The table for dumps read and processed can grow arbitrarily large as many different dumps are processed. Depending on the number of dumps processed in a day and the size of their metadata that we store, the table can grow large enough to require aging policy and archiving of older records. The archival can be batched to the start of every month and during maintenance window. The archival requires a table similar to the source, possibly in a different database than the live one. The archival stored procedure could read the records a few at a time from the source, insert into the destination and delete the copied from the source. If the source is not a single table but a set of related tables, the archival will do this step for every table in the order that inserts are allowed. The order of deletes will be in the reverse order since the constraints may need to be handled first. The insertion and deletes would not be expected to fail since we will select the records that are in the source but not in the destination. This way we will be in a good state between each incremental move of records. This helps when there is a large number of records that makes the stored procedure run long and become prone to interruptions or failures. The archival can resume from where it left off.
These services work with files and other windows resources so they may require that security is tightened and that dumps are handled only by a service account that has been authorized for read and writes on the folder.
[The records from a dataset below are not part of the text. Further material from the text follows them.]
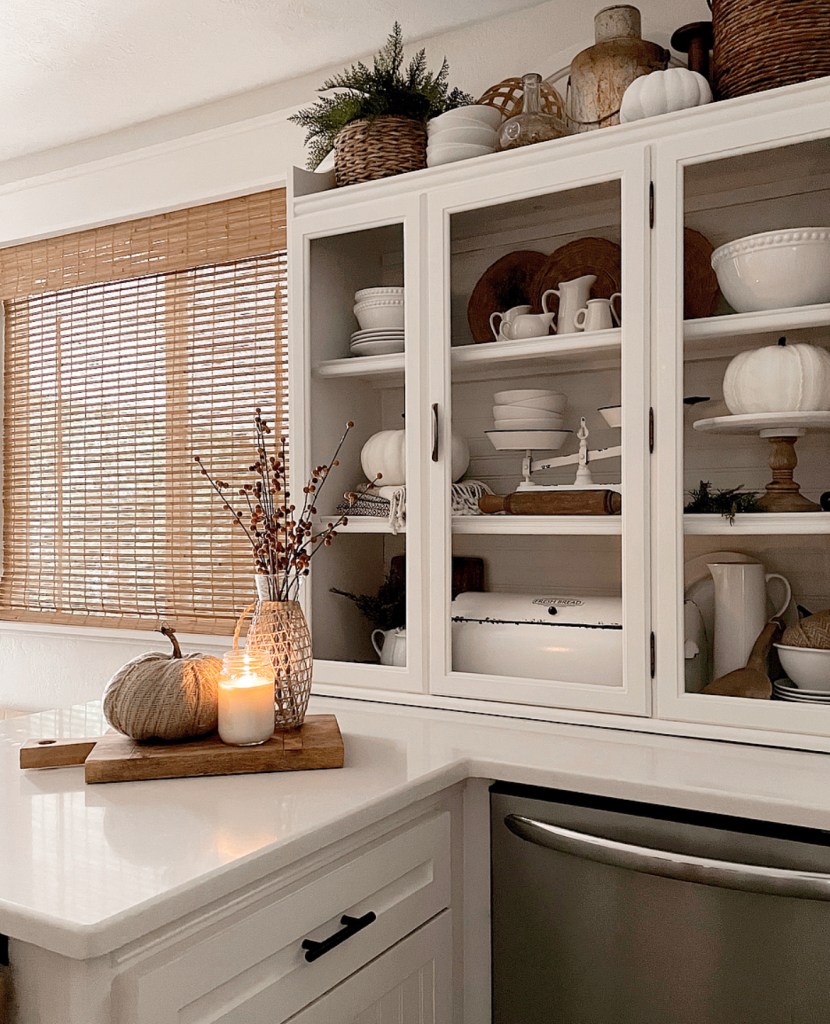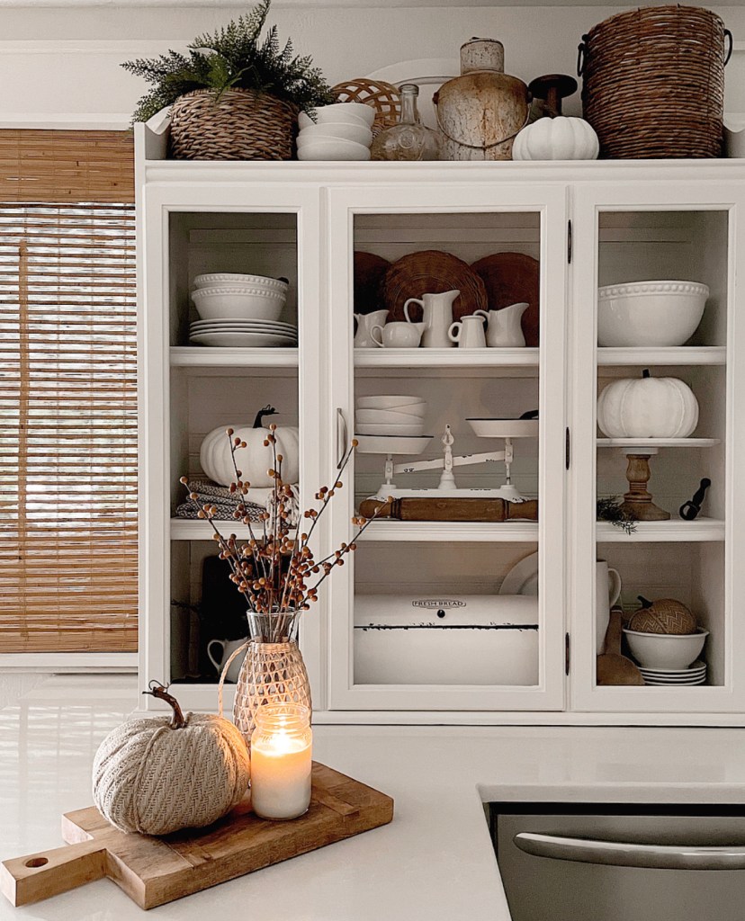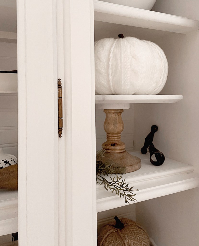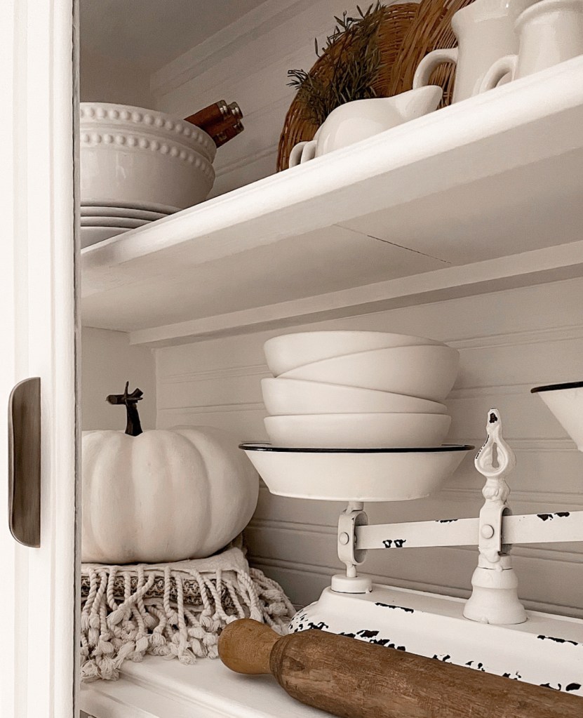 This particular one (above) was a bright orange. But I loved the shape so I bought it knowing I could just paint it. It’s a quick and easy way to refresh your seasonal decor. I used Glidden interior flat paint in Antique White. You can find it at Home Depot. It’s my go to paint for all the things. Including the hutch. I’m loving the Fall vibes. Especially with the cooler temps right now. Have you been adding bits of Fall around your home?
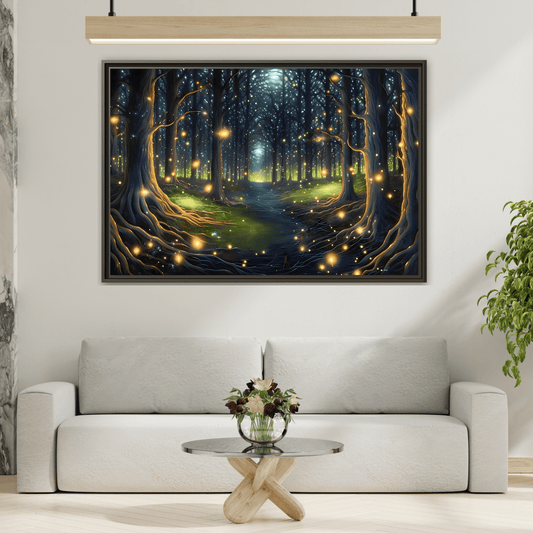 Fireflies Magic Trail Canvas Print, Electric Forest Illumination Wall Art
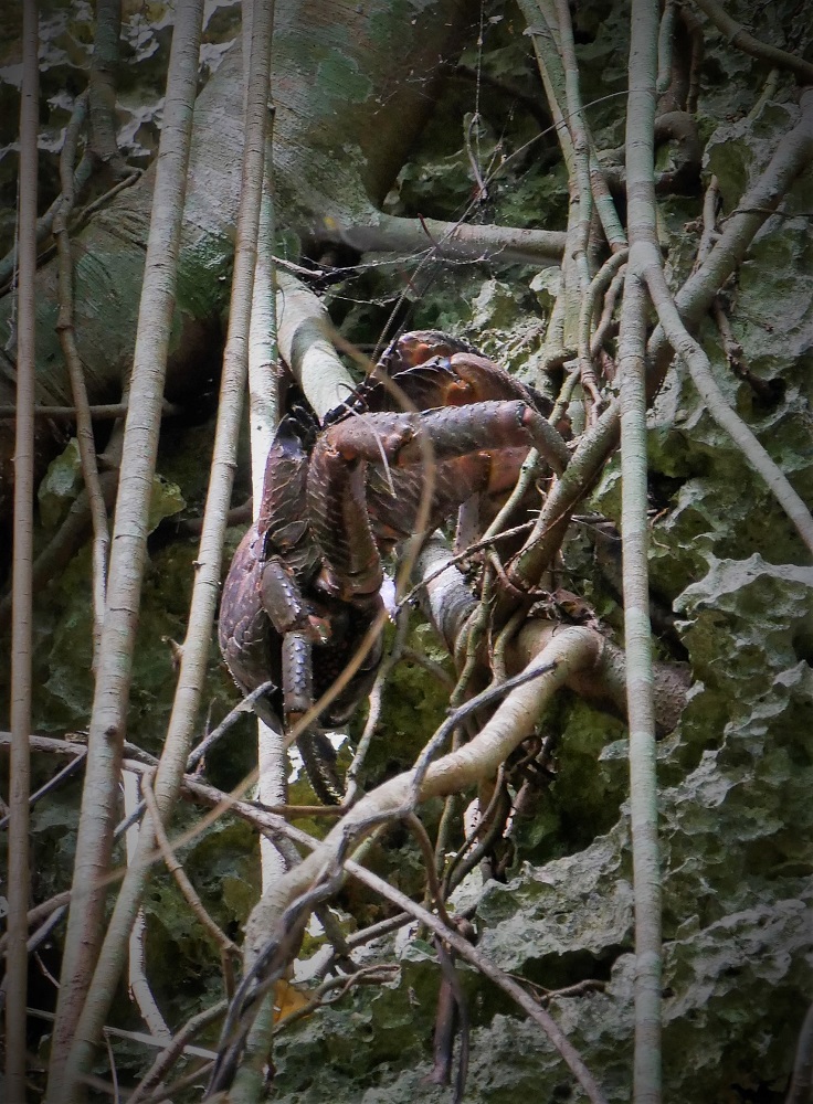 Large coconut crab crawling up tree roots hanging off the cliff.
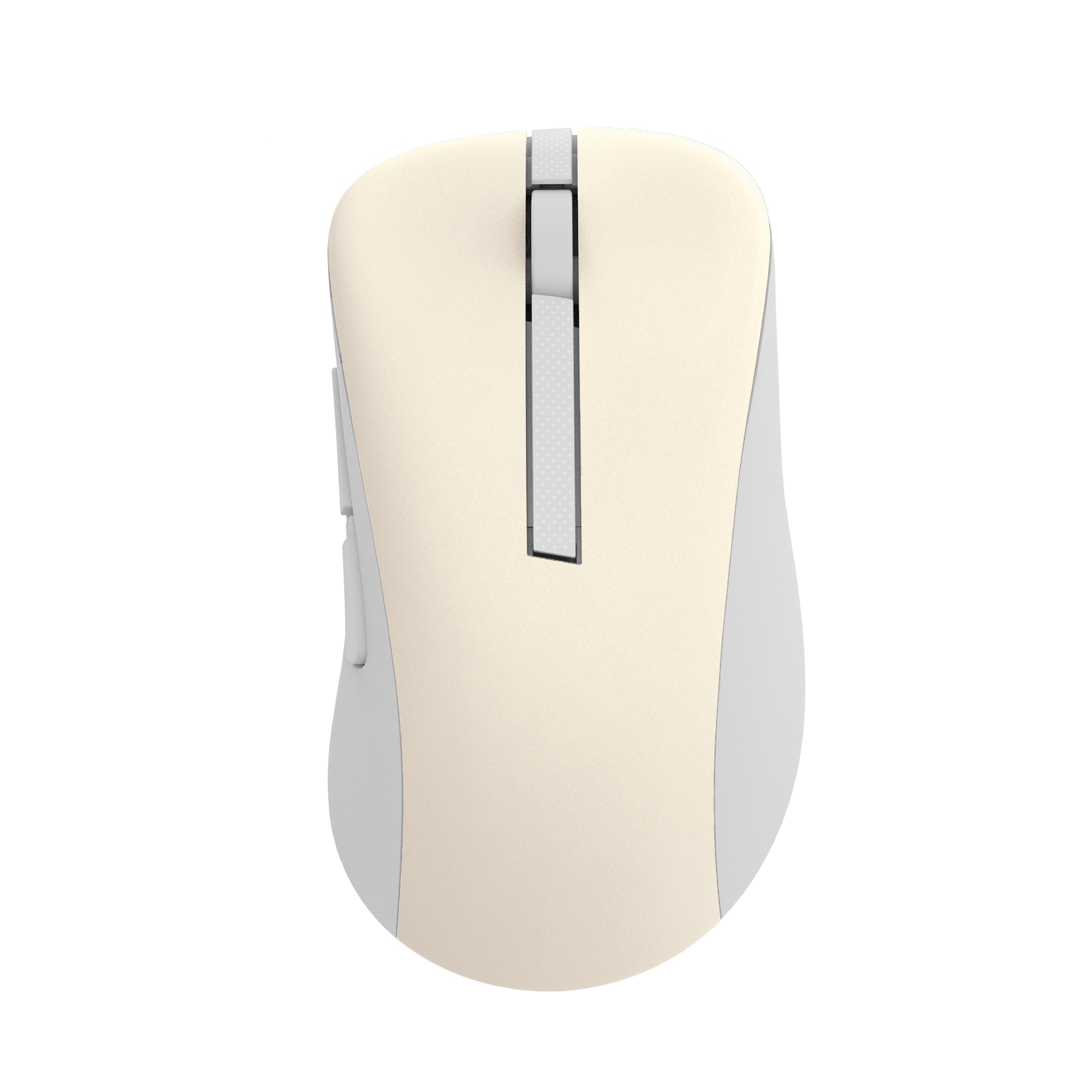 Myszka bezprzewodowa ASUS Wireless Mouse MD102 jest dostępna w wariantach wykończenia White, Dark Gray i Oat Milk i wyróżnia się neutralnym stylem, który doskonale wpasuje się w wystrój większości domów lub biur. Wzornictwo obejmuje delikatne odblaskowe akcenty wokół kółka przewijania, co dodaje jej elegancji.

This security account may be different for production but may require full access to all folders and sub-folders. File handling exceptions often affect the success rate of such file based services. Internally, the same service account should be enabled access to the database where the parsed dump information is stored. Exceptions handled by the services could be logged or stored in the database. For the consumer side of the store the users will use their own credentials. Their actions can be authenticated and authorized. This way we can tell apart the changes made by either side.
Since the services and dependencies are hosted separately, they may have to tolerate connectivity failures. From an end to end perspective, the file IO operations could all be isolated and made local to the machine with the dumps while all subsequent processing is with the database.